• **To do**
When you reproduce the data, keep every word exactly as it stands and leave the pictures out.

• **Source material**
•••••

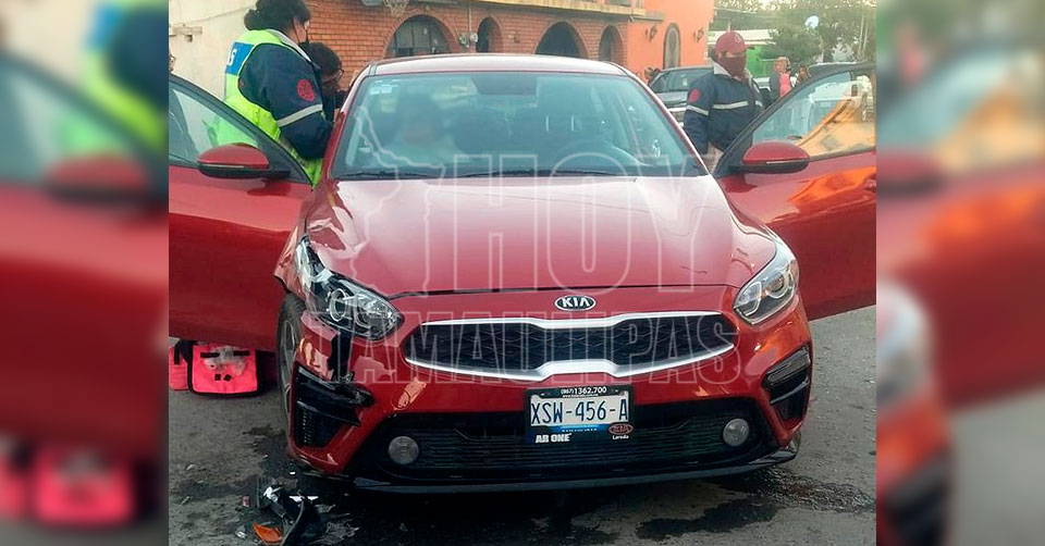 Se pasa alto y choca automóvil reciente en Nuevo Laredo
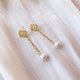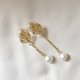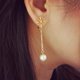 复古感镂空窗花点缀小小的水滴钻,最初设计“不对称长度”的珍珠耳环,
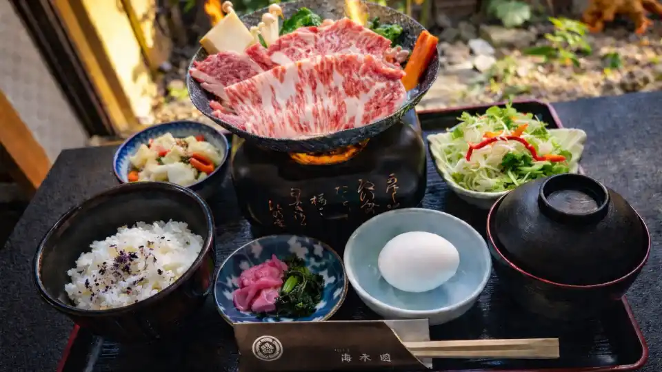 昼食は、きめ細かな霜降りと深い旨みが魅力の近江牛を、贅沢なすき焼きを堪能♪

•••••

• **Exercise result**
 Se pasa alto y choca automóvil reciente en Nuevo Laredo
 复古感镂空窗花点缀小小的水滴钻,最初设计“不对称长度”的珍珠耳环,
 昼食は、きめ細かな霜降りと深い旨みが魅力の近江牛を、贅沢なすき焼きを堪能♪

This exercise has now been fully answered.